--- START ---
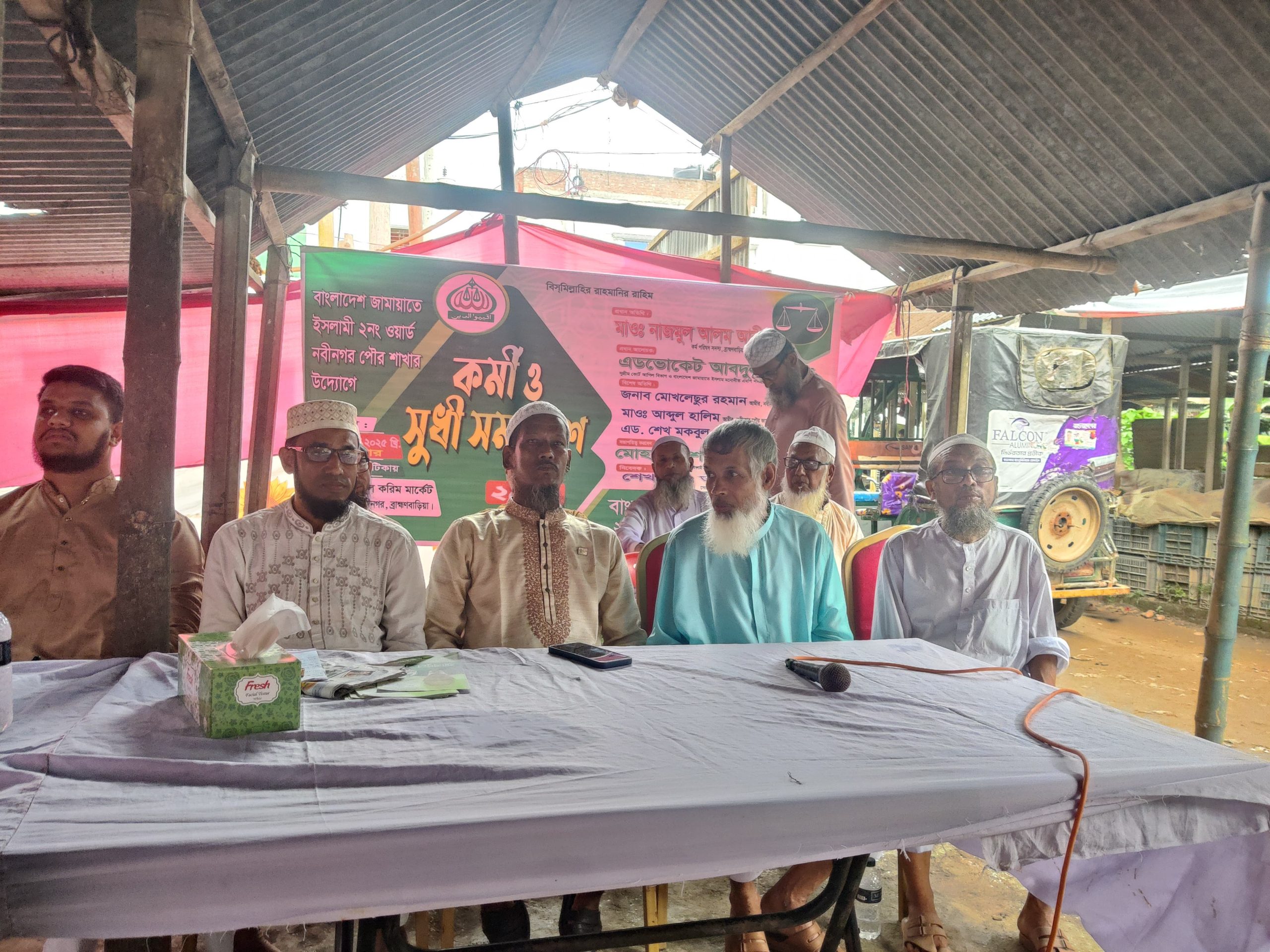 ব্রাহ্মণবাড়িয়ার নবীনগর পৌর এলাকার ২নং ওর্য়াডের ফজলুল করিম মার্কেট গতকাল শনিবার বিকালে বাংলাদেশ জামায়াতে ইসলামী পৌর শাখার উদ্যোগে কর্মী ও
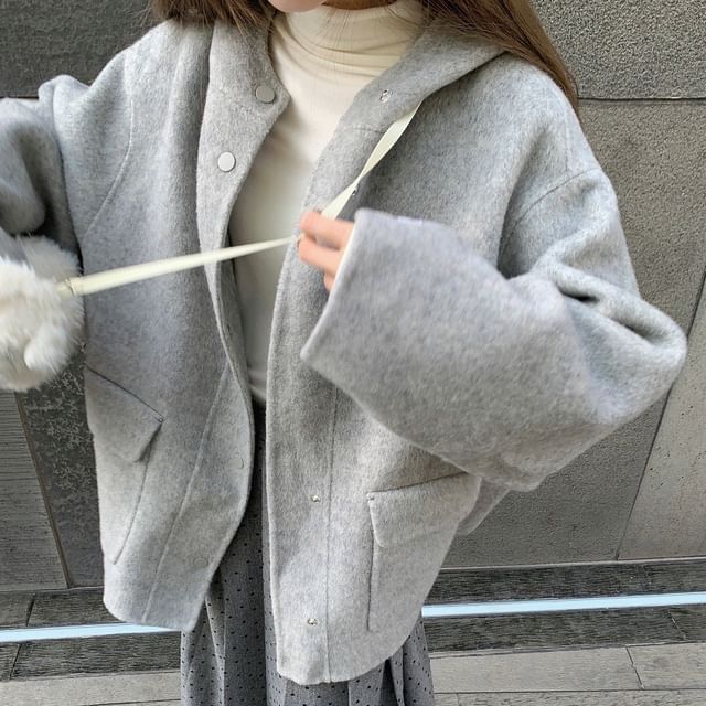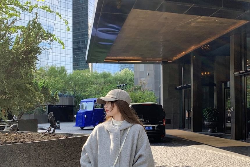 Hooded Plain Oversized Zip Jacket / Mid Rise Dotted Midi Pleated Skirt
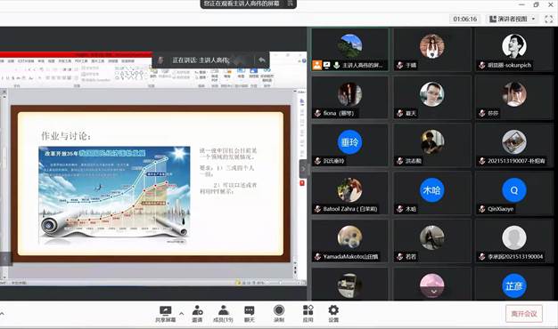 2021年12月2日晚,海外教育学院直属党支部书记、学院院长、宗教学博士高伟在海外教育学院203会议室为中国概况课程的学生做了题为“改革开放与中国的四十年”的专题讲座。
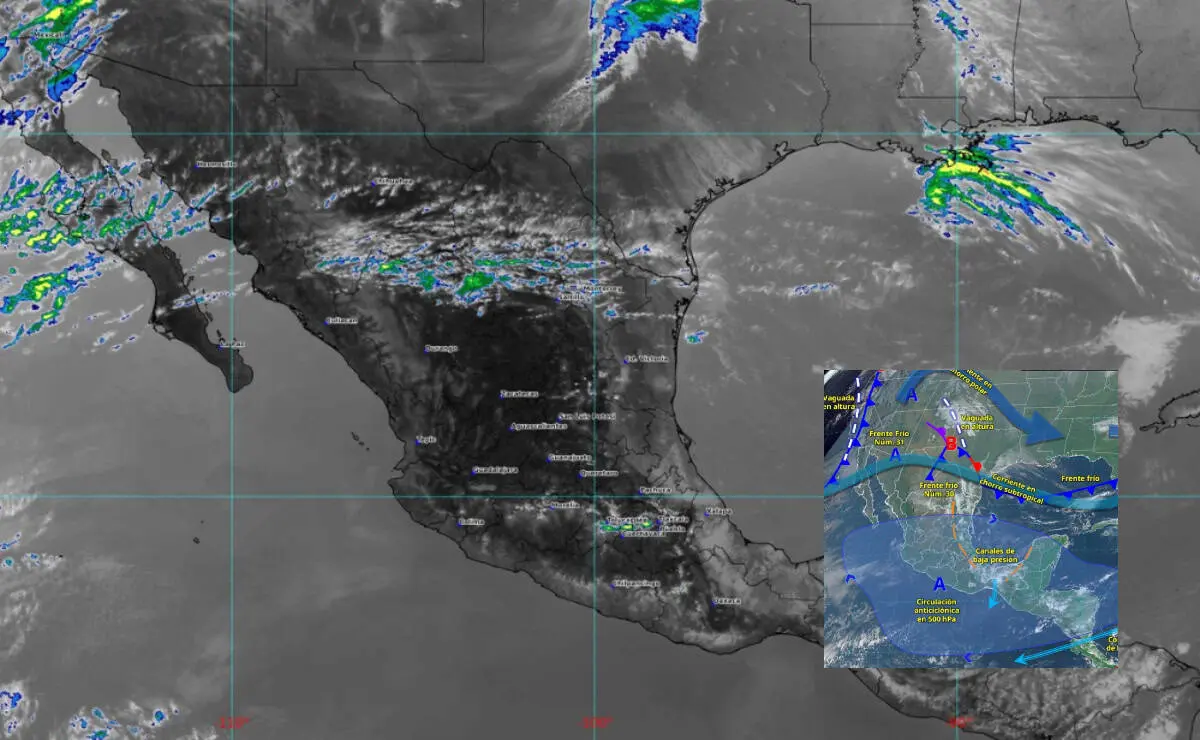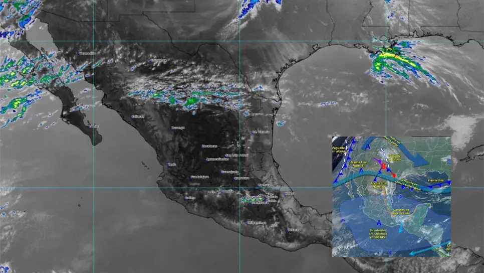 Se espera interacción con una vaguada en altura y la corriente en chorro subtropical, lo que traerá vientos fuertes y posibles tolvaneras en el norte y noreste de México. También se prevén lluvias con tormentas eléctricas en los estados de Nuevo León y Tamaulipas.
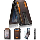 COMPACT BODY, LARGE CAPACITY: Compact 0.55" profile holds up to 14 cards and 15+ cash. Main case fits 7–9 cards and the leather flap holds 5 (2 ID windows included). Removable money clip included with screwdriver. More capacity, same pocket-friendly footprint.
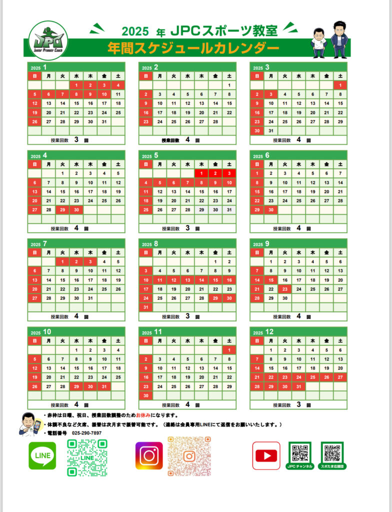 こんにちは!JPCスポーツ教室新潟中央店のみやコーチです🦍 2025年!来年のカレンダーが出来ました~!🎉🗓️ 来年の授業開始が1月11日からなのでお間違いなくお越しください🫡 なお、長期休暇のため教...
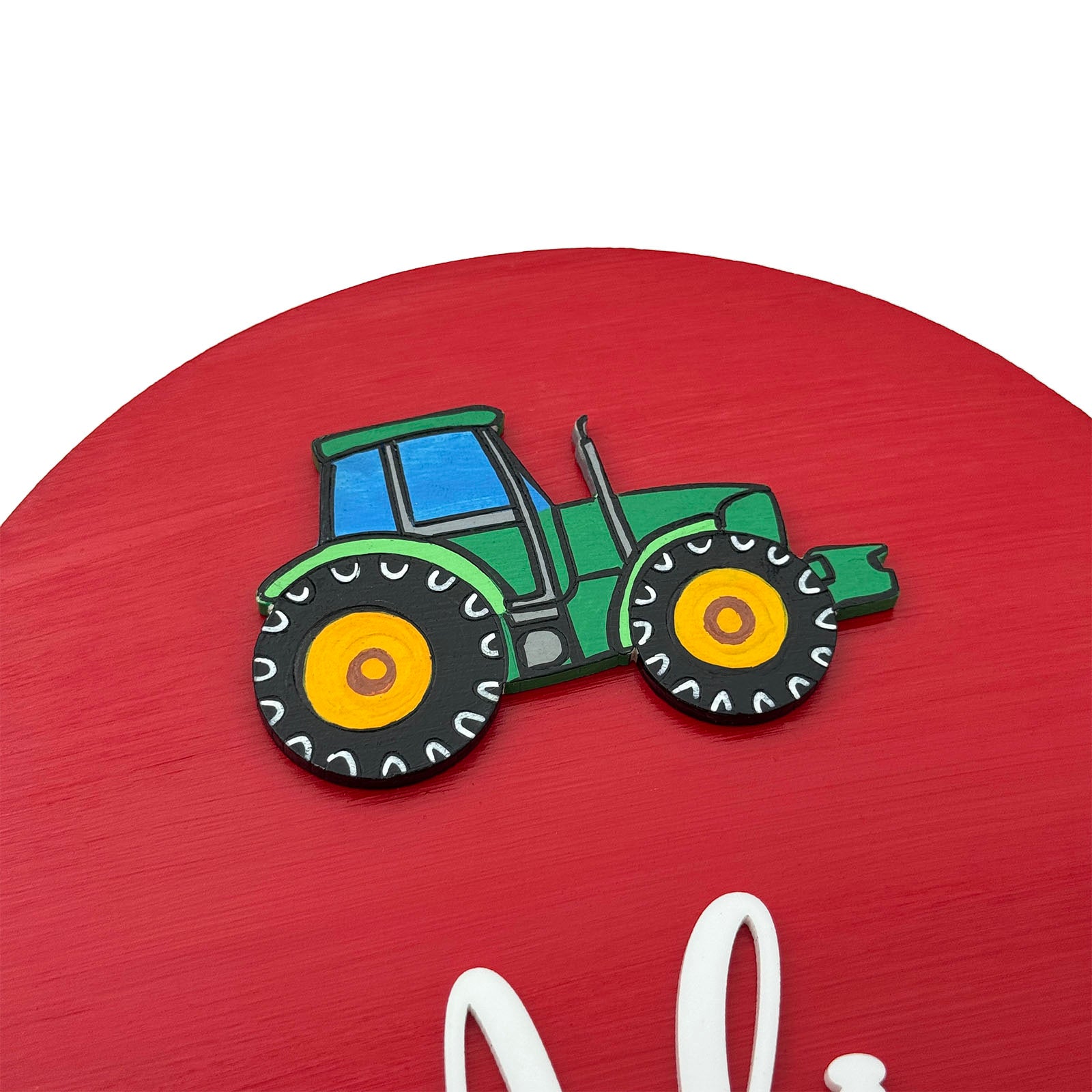 Tractor Themed Hand-Painted Wooden Mini Kids Name Plate
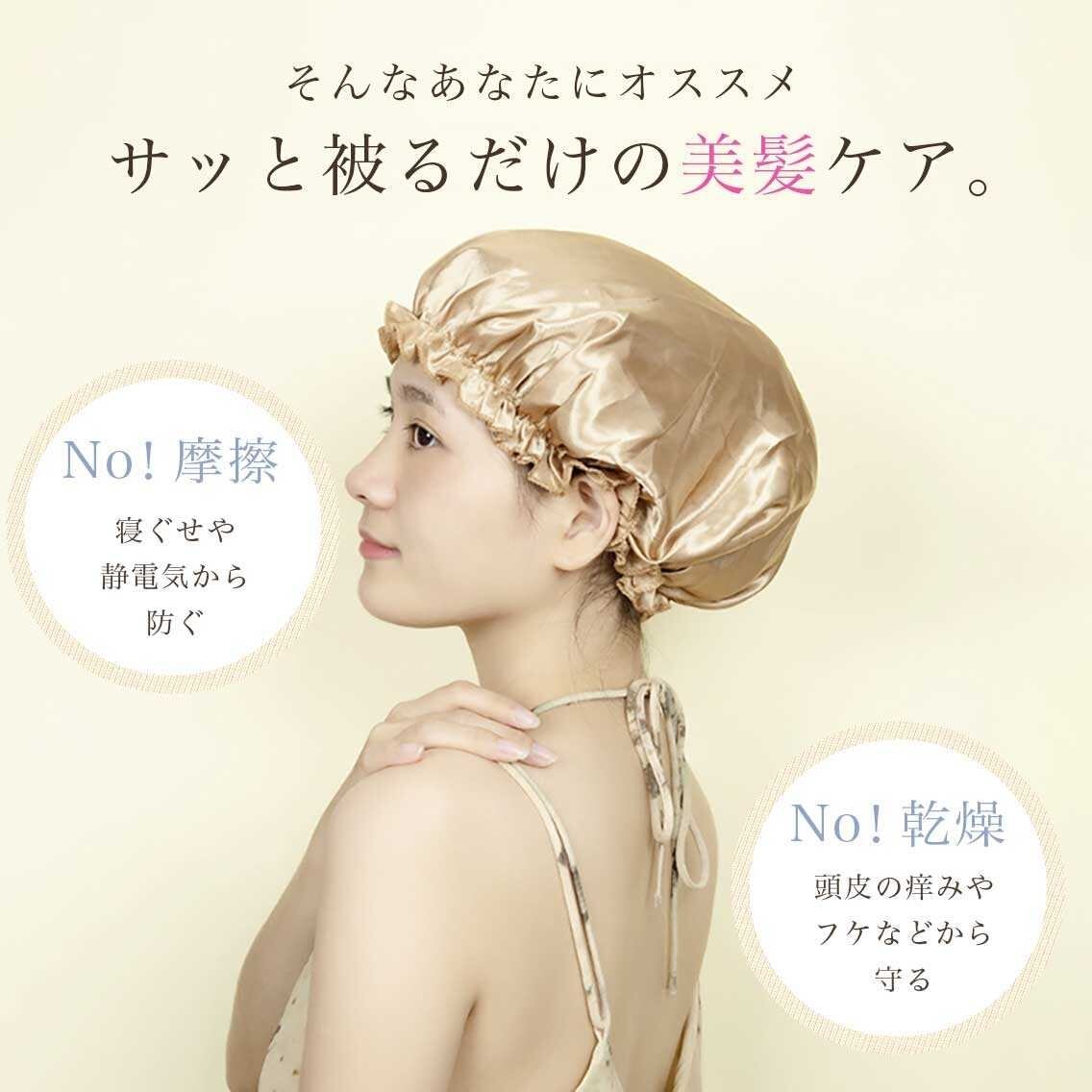 被ることによって、睡眠時の「摩擦」を防ぎ寝ぐせ・ほつれや乱れ・静電気が減少します。また、「乾燥」を防ぐぎ頭皮の痒みやフケの減少させます。髪のまとまりや指ざわりが良くなり、朝起きて満足、コテ・ヘアケアいらずでツヤサラ髪を実感できます。また、頭を冷やさないことで寒さ対策・風邪引き対策、保湿性ありなので白髪対策にもなります。
--- END ---
DIRECTIONS FOR THIS TASK: Up to and including the line with "Se espera interacción", copy the data above from its first line. Skip pictures.

EXERCISE RESULT:
 ব্রাহ্মণবাড়িয়ার নবীনগর পৌর এলাকার ২নং ওর্য়াডের ফজলুল করিম মার্কেট গতকাল শনিবার বিকালে বাংলাদেশ জামায়াতে ইসলামী পৌর শাখার উদ্যোগে কর্মী ও
 Hooded Plain Oversized Zip Jacket / Mid Rise Dotted Midi Pleated Skirt
 2021年12月2日晚,海外教育学院直属党支部书记、学院院长、宗教学博士高伟在海外教育学院203会议室为中国概况课程的学生做了题为“改革开放与中国的四十年”的专题讲座。
 Se espera interacción con una vaguada en altura y la corriente en chorro subtropical, lo que traerá vientos fuertes y posibles tolvaneras en el norte y noreste de México. También se prevén lluvias con tormentas eléctricas en los estados de Nuevo León y Tamaulipas.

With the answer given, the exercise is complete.